Because in our environment, we have this fundamental problem, we support Windows, Linux, and Mac, but the data lake is entirely on HDFS. Cloudera wants the data in HDFS, and so does Tamr. So do we need two copies of the data? How do we keep them in sync? I mean, it was going to be a mess. But with this multi-protocol, there’s only one copy of the data, so there’s no synchronization necessary. I mean, the users just save files on their OS the way that they always have, and the data lake just thinks they’ve saved the files in HDFS.
We also don’t have to worry about mirroring permissions between the two locations. Whatever the file level access controls are set, which is important, because in some cases we have visitors from different countries with restricted access to data, but all of that just transfers over to our Cloudera and Tamr applications out of the box because there’s only one copy of the file and only one copy of the permissions, it’s great.
Cloudera, we’ll move on to the middle layer now. Cloudera’s making that multi-node architecture pretty easy. We’ve got a few big VMs, we’ve got Cloudera microservices distributed between them, and so between Cloudera Manager, Spark, HBase, and Solr, my application layer doesn’t even realize it’s running across multiple nodes, it just sees a lot of power.
Then let’s get to the app layer.
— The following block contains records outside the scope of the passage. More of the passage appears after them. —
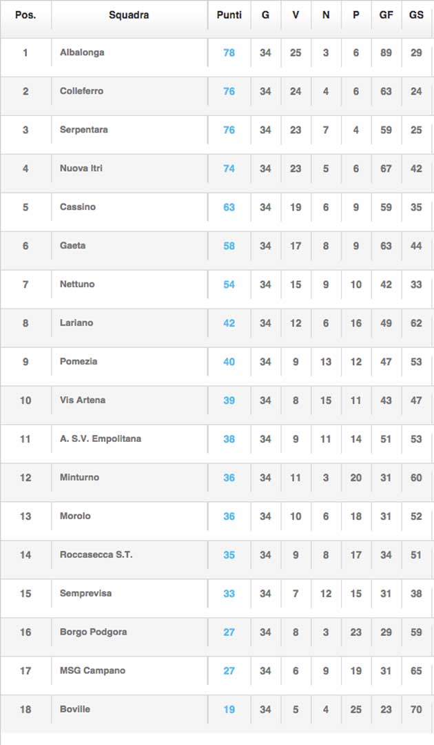 COLLEFERRO (RM) – Nel Girone B del Campionato di Eccellenza la rappresentativa rossonera del Ssd Colleferro Calcio ha chiuso classificandosi al 2° posto con 76 punti a pari merito con la squadra Serpentara di Bellegra e Olevano (vedi classifica in pagina).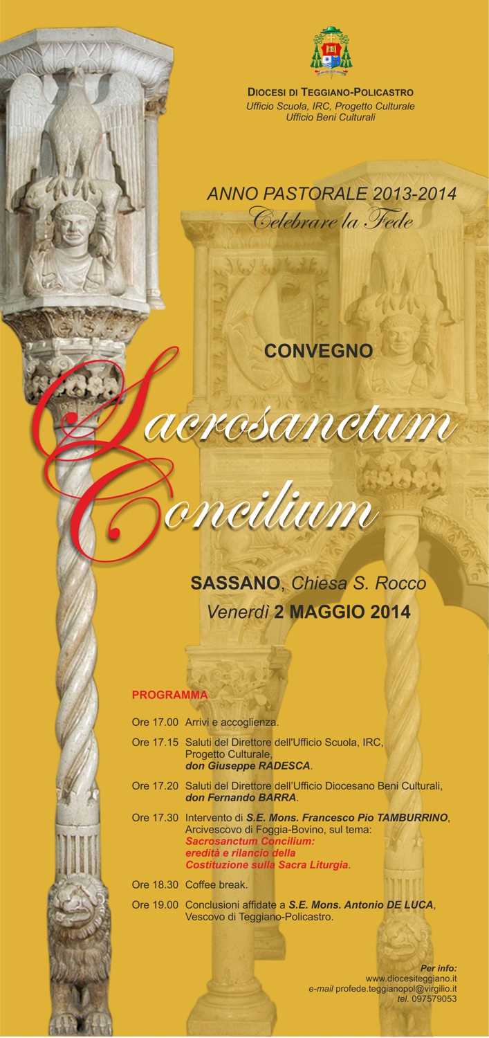 Il 4 dicembre 1963, nella III sessione del Concilio Vaticano II, veniva promulgata la Costituzione sulla Sacra Liturgia SACROSANCTUM CONCILIUM. La Diocesi di Teggiano - Policastro, venerdì 2 maggio, alle ore 17:00, presso la nuova Chiesa di San Rocco in Sassano, desidera ritornare a considerare le linee portanti della Costituzione sulla Liturgia e riflettere sulle nuove sfide che la comunicazione tecnologica lancia non solo sull’annuncio del Vangelo, ma anche al giusto modo di intendere la preghiera e il vero culto a Dio. Guiderà la riflessione S. E. Mons. Francesco Pio Tamburrino, Arcivescovo di Foggia-Bovino, già Vescovo di Teggiano Policastro e Segretario della Congregazione per il Culto Divino e la Disciplina dei Sacramenti, Redattore del Direttorio su Pietà popolare e liturgia. Dopo il saluto e l’introduzione del Direttore dell’Ufficio Progetto culturale, Don Giuseppe Radesca ci sarà l’intervento di Don Fernando BARRA, Direttore dell’Ufficio Beni Culturali. Le conclusioni saranno affidate a S. E. Mons. Antonio De Luca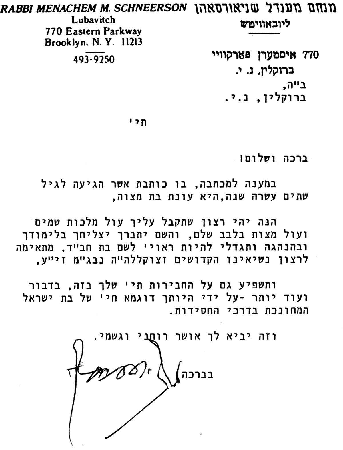 Lettre du Rabbi à l'occasion de la Bat Mitsvah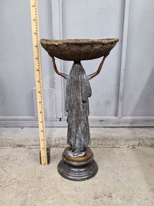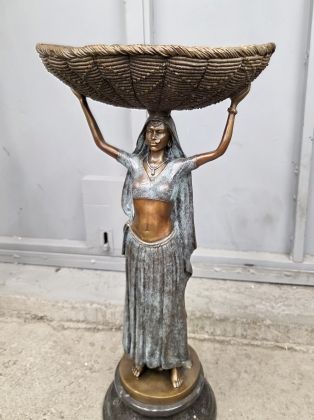 Представляем крупные, напольные скульптуры-вазы, которые можно использовать в том числе как горшок для цветов. В чашу насыпается земля и вырастает цветок. Также можно поставить её при входе в дом и складывать туда разные мелочи, ключи например. Скульптура полностью, включая подставку, состоит из бронзы. Покрытое зелёной патиной, платье девушки добавляем особый шик скульптуре. Большая, шикарная вещь, в паре с вазой "Девушка в зелёном"(правая) создаст единый ансамбль и станет украшением интерьера Вашего дома.
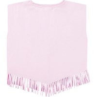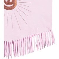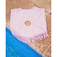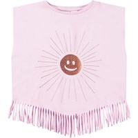 Lyserød oversize top i økologisk bomuld med ribkant i halsen og frynser i bunden. Toppen har en sol på forsiden, broderet med en glitrende kobbertråd.
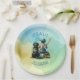 It's a Lil' Slugger baseball and puppy dog themed boy's baby shower paper plates! Cute baseball baby shower plates. A little baby boy with a baseball cap and bat sitting on a bench next to a Black Lab Puppy Dog. Adorable baseball themed boy's baby shower paper plate in a watercolor style.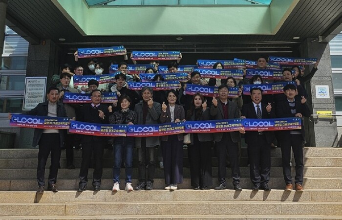 | ▲ 해남교육지원청, 19일 전라남도 해남 민·관·산·학 교육협력위원회 운영위원 및 간부공무원들과 운영위원회의 개최 후 해남교육청 입구에서 2024. 글로컬 미래교육 박람회 성공 개최 다짐 세리머니 / 해남교육지원청 제공 |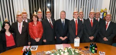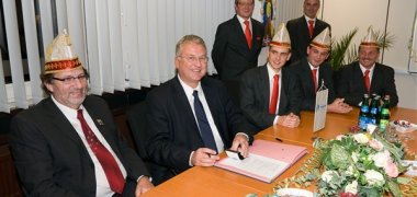 Damit wurde es quasi amtlich: Bürgermeister Klaus-Werner Jablonski begrüßte die zukünftigen närrischen Herrscher über die Troisdorfer Altstadt in der Session 2010/2011 im Rathaus. Das Dreigestirn der Friedrich-Wilhelms-Hütte unterschrieb im Beisein des Stadtoberhaupts eine Vereinbarung mit dem Festausschuss Troisdorfer Karneval unter Vorsitz von Hans Dahl. Demnach sollen Prinz Jörg I. (Kaiser), Bauer Fred (Brodesser) und Jungfrau Agnetha (Sascha Jablonski) im Januar 2011 auch als Troisdorfer Dreigestirn für Troisdorf-Mitte - der sogenannten Altstadt - inthronisiert werden.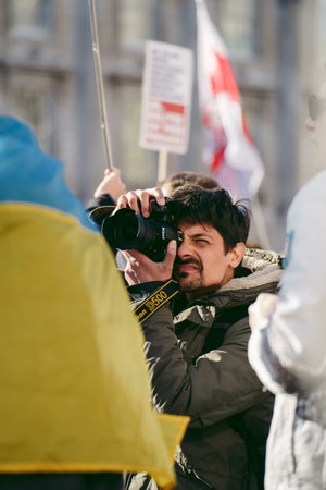 Downing Street, London | UK - 2022.02.26: Ukrainian people protest, thousands gather to demand tougher sanctions on Russia from British Government, EU and USA to stop the war in Ukraine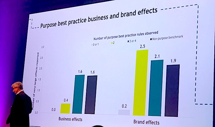 Field v úvodu předeslal, že značky se zaměřením na nekomerční a neziskové aktivity, například v oblastech udržitelnosti, zdraví, životního prostředí nebo společenského vývoje, v anglickém pojmosloví označované jako brand purpose, mají smysl, pokud jsou tyto aktivity autentické. V rámci výzkumu pod hlavičkou britské IPA Field porovnal 47 značek s nekomerčními aktivitami a 333 značek bez nekomerčních aktivit. Prvotní výsledky přitom příliš povzbudivě pro značky s nekomerčními aktivitami nevypadaly. Byznysové efekty byly v průměru shledány vyšší u značek bez nekomerčních aktivit. Při bližším zkoumání se ale ukázalo, že rozdíly ve výsledcích přináší to, jakým způsobem jsou tyto nekomerční aktivity pojaty. Pokud rezonují se značkou a jsou vhodně propojeny s produktem, dosahují lepších výsledků než značky bez nekomerčních aktivit.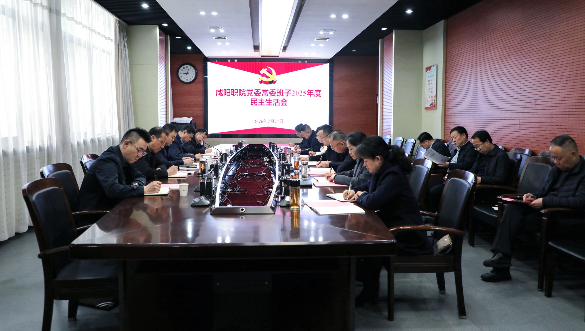 按照党中央部署和省委、市委统一安排,2月27日,咸阳职院党委常委班子召开2025年度民主生活会。本次民主生活会以“深入学习贯彻习近平新时代中国特色社会主义思想,全面贯彻落实党的二十届四中全会精神,以打好攻坚战、持久战的决心和恒心,锲而不舍落实中央八项规定精神,推进作风建设常态化长效化,以优良作风凝心聚力、真抓实干,奋力开创中国式现代化建设新局面”为主题,认真查摆突出问题,明确下一步改进措施。学院党委书记张迪主持会议,市委2025年度民主生活会第一督导组到会指导,学院党委常委班子成员孙彦彬、杨新宇、王宇文、吴旭锦、雷建辉、冯华、宋飞科参加会议,院长杨卫军、学院办公室、纪委、组织人事处、宣传统战部负责人列席会议。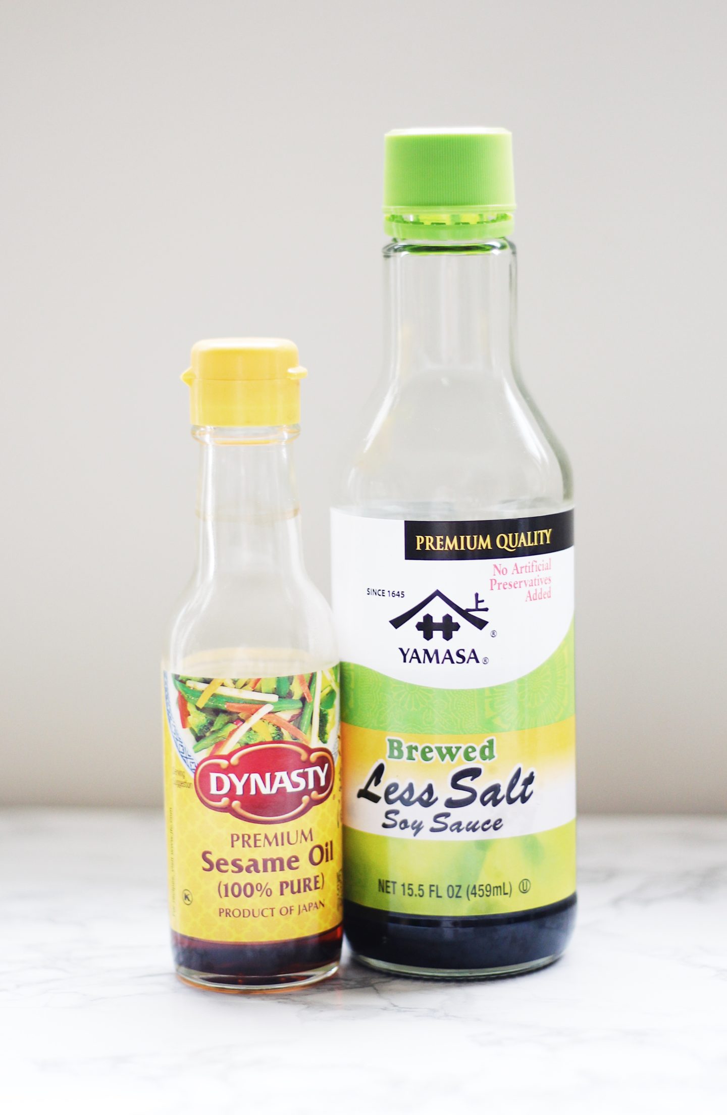 3. Add in the low sodium soy sauce, sesame oil, ginger, & chili flakes to the cauliflower rice. Stir well.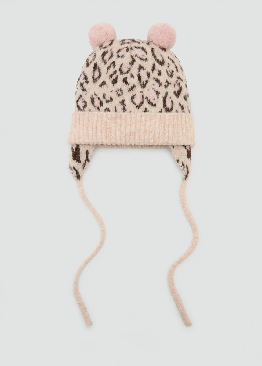 Tessuto in lana. Tessuto a maglia. Stampa leopardata. Nappine decorative. Motivo gattino. Chiusura con lacci. Maglione coordinato disponibile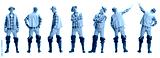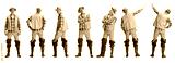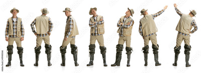 Profile, front and back view of man, fisherman standing alone isolated on white background. Concept of hobby, business, caree, job, sales, ad.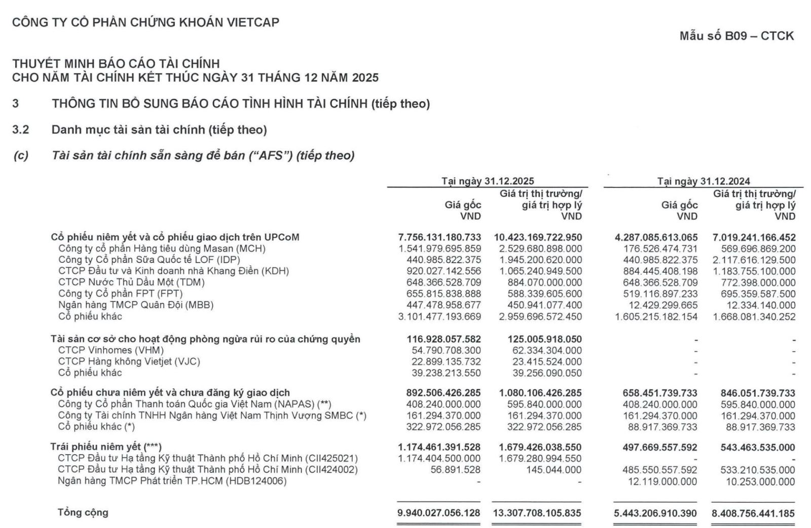 MCH (Công ty Cổ phần Hàng tiêu dùng Masan) được mua với giá gốc là 1.541 tỷ đồng. Giá trị thị trường thời điểm cuối năm 2025 là 2.529 tỷ đồng. Như vậy, Vietcap đang ghi nhận lãi tạm tính khoảng 987 tỷ đồng đối với khoản đầu tư vào MCH.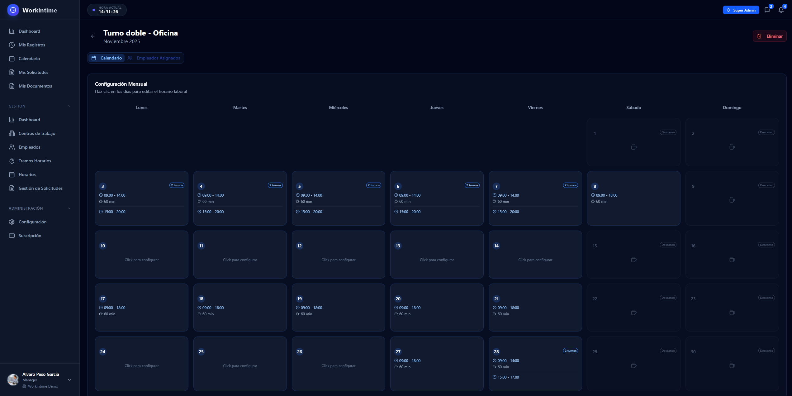 Crea y asigna horarios y turnos de forma masiva. Gestiona rotaciones, jornadas flexibles y planificación semanal o mensual desde un único panel.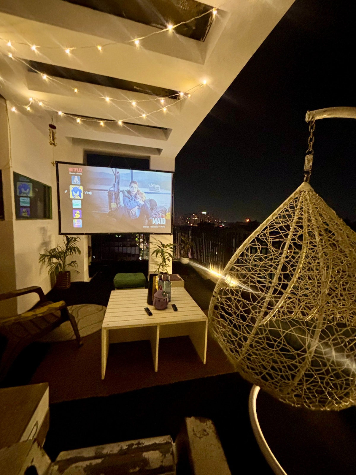 @Timeless_Stays_India Experience luxury in our 3BHK with a twist! It features 2 stylish bedrooms for a restful sleep and a dedicated 3rd room designed as a proper private cinema. Enjoy movie nights with a pro projector and lounge seating. Includes a full kitchen, breezy living area, and fast Wi-Fi. Perfect for film lovers and families. Book your stay for a front-row experience! Parties not allowed No loud music Govt. ID required of all the guests

The first application we’re going to highlight is this data catalog. And there’s really two parts to this, the tagging of the file so that you have something to search against, and then the search application itself. The tagging is Tamr, the visualization actually relies on Solr index, this huge Solr index, which is piped through a UI called Banana, and Banana is the actual user experience.
The second application is the recommendation engine and it’s looking through a bunch of historical data, and then it makes these automatic processes. There are these Spark and HBase jobs running behind the scenes that are coordinated by Tamr.
Now the third application, this is custom machine learning, and it’s the deepest application of the three. We’re actually trying to predict key engineering values in a very complicated, complex, aerodynamic circumstances. We’re actually using finite element simulations and all kinds of things, so this is the most forward looking, and the riskiest of the apps, but it’s well supported in this architecture.
So let’s talk a little bit more about the Isilon. For me, this multi-protocol storage solution is a huge success for the data lake and for AFSEO. It satisfies all the Air Force CDO goals, and our AFSEO immediate priorities for a solution, and it’s kind of easy to remember with this acronym SPEED. There’s a scale out architecture, and it can scale out to 58 petabytes on edge, core, or cloud. Performance keeps the solution simple without sacrifice. It’s efficient, it uses its own [inaudible 00:24:25] or ethernet network to communicate between nodes. It has enterprise features to include availability, redundancy, security, replication, and data protection. And then the data lake itself. Because all the data is HDFS, so it’s a one stop shop. Next slide.
So this Isilon storage solution brings flexibility to our data lake architecture, and as you can see, it supports a wide variety of software analytics platforms and tools. Because of its multi-protocol, traditional IT file share and analytics support, so by supporting all of this on a single platform, you enable us to do in place analytics on consolidated data because much of the [inaudible 00:25:15] processes can be run natively on the Isilon. This alone simplified our data life cycle. We didn’t need any pipelines to move data based on whether it was active or archive data, the data doesn’t have to be moved to leverage the power of the data lake.
So this flexibility, it supports multiple work loads simultaneously, and then the adaptability of it is minimizing our life cycle cost over time.
So before we start getting into the three applications, I’d like Aaron to give a demo of the processing foundation.

Aaron:
Great, thanks Donna. So as you’ve heard, at the core of AFSEO’s mission to accelerate its workflow is the need to unite data across engineering and disciplinary boundaries. Doing so enables the integration of multiple data sources into a singular global reference, which in turn powers the automated logic and analytics we’ve been talking about. The essential currency of AFSEO is the configuration, as Donna mentioned, and the configuration is made up of multiple stores. These are pylons, launchers, or munitions that can be attached to the wing of an aircraft and deployed from it.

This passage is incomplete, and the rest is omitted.